Interpretation of reserved _Unsigned attribute written by netCDF-Java #656

deeplycloudy · 2017-05-04T20:58:47Z

Unsigned integer data written by NetCDF-Java does not use an unsigned integer NetCDF type (e.g. uint16), but rather sets the reserved attribute _Unsigned on a (signed) int16 type. The result for the user of netcdf4-python is data which must be manually corrected after being read in.

It is my understanding that netCDF-C tries to "do no magic" so this is not a netcdf4-python bug per-se. #493 also notes the preference of netCDF4-python for leaving metadata interpretation to downstream applications. However, this is not a metadata convention in the CF sense, but rather a documented low level implementation decision within netCDF-Java: http://www.unidata.ucar.edu/software/thredds/current/netcdf-java/CDM/Netcdf4.html

Differences between netCDF-4 C and Java libraries for netCDF4 files
Unsigned types
The C library uses unsigned integer types: NC_UBYTE, NC_USHORT, NC_UINT, NC_UINT64.
The Java library does not have separate types for unsigned integers, but adds the reserved attribute _Unsigned = "true" when the variable is unsigned. One can check this with Variable.isUnsigned(), Attribute.isUnsigned(), and Array.isUnsigned(). Conversions done by the library are aware of this convention. Java does not have unsigned types, and we dont want to double the internal memory requirements by widening the data.

I am in favor of a feature to assist the users in correcting for signendess on read when this attribute is present. One possible route:

Add a method set_auto_signededness(True) to request the conversion be performed.
If the above is set, perform the conversion if requested within the read slice method.

I would be less in favor of adding a method to handle the conversion; it means every time a user reads data they must remember to call that method. But that would be more helpful than having every user write their own when encountering unsigned data written by netCDF-Java.

Thanks to @lesserwhirls for helping me understand some of the things above; any errors remain mine!

The text was updated successfully, but these errors were encountered:

jswhit · 2017-05-07T15:41:23Z

What exactly does the java library do when it reads data with _Unsigned=True? Does the C library recognize the this special attribute? - I don't see any mention of it in the NUG.

jswhit · 2017-05-07T15:52:10Z

I suppose we could return a view of the array with the appropriate unsigned dtype if the variable has _Unsigned=True. I don't like the idea of adding a set_auto_signededness - if the attribute is set there should be no ambiguity about what is expected.

On the other hand, it's not very hard for a user to just do data = data.view(np.uint32)...

I have to ask though - what is the point? Making a view or a copy to an unsigned type with the same number of bytes is not going the change the data at all.

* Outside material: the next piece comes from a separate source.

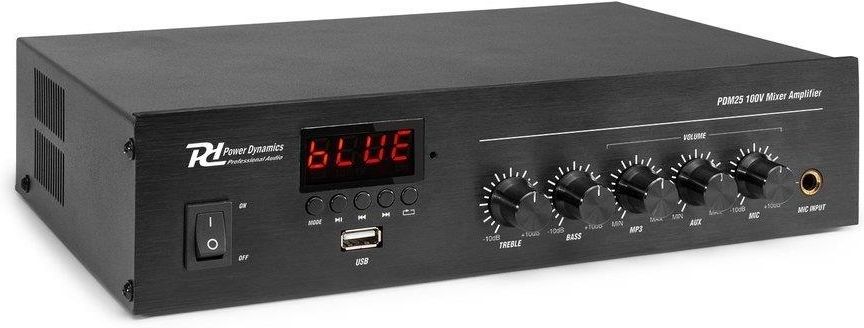Powermixer USB MP3 BT FM 100V 25W PD PDM25 PRO Gdzie sprawdzi się najlepiej? sklepy, salony fryzjerskie, butiki snack bary, pizzerie, małe restauracje biura, gabinety lekarskie, dentystyczne, fizjoterapeutyczne poczekalnie, recepcje, siłownie Wzmacniacz 100V Bluetooth MP3 USB FM PDM25 – do …

deeplycloudy · 2017-05-08T04:19:39Z

The C library does not check for _Unsigned. That is in keeping with the "do no magic" principle relayed to me by @lesserwhirls. The string does not appear in code in the netcdf-c repository.

It looks like the java library checks for the _Unsigned attribute, and then calls either the signed or unsigned read functions as appropriate. See the code here. I believe these are calls to the (wrapped) C library functions. If you poke around the Java code, you find that thredds suppresses the _Unsigned attribute in some (all?) circumstances, perhaps because it's been dealt with by the IO code. I also found some further docs on the _Unsigned convention.

I agree that the data.view(np.uint32) operation is not tricky.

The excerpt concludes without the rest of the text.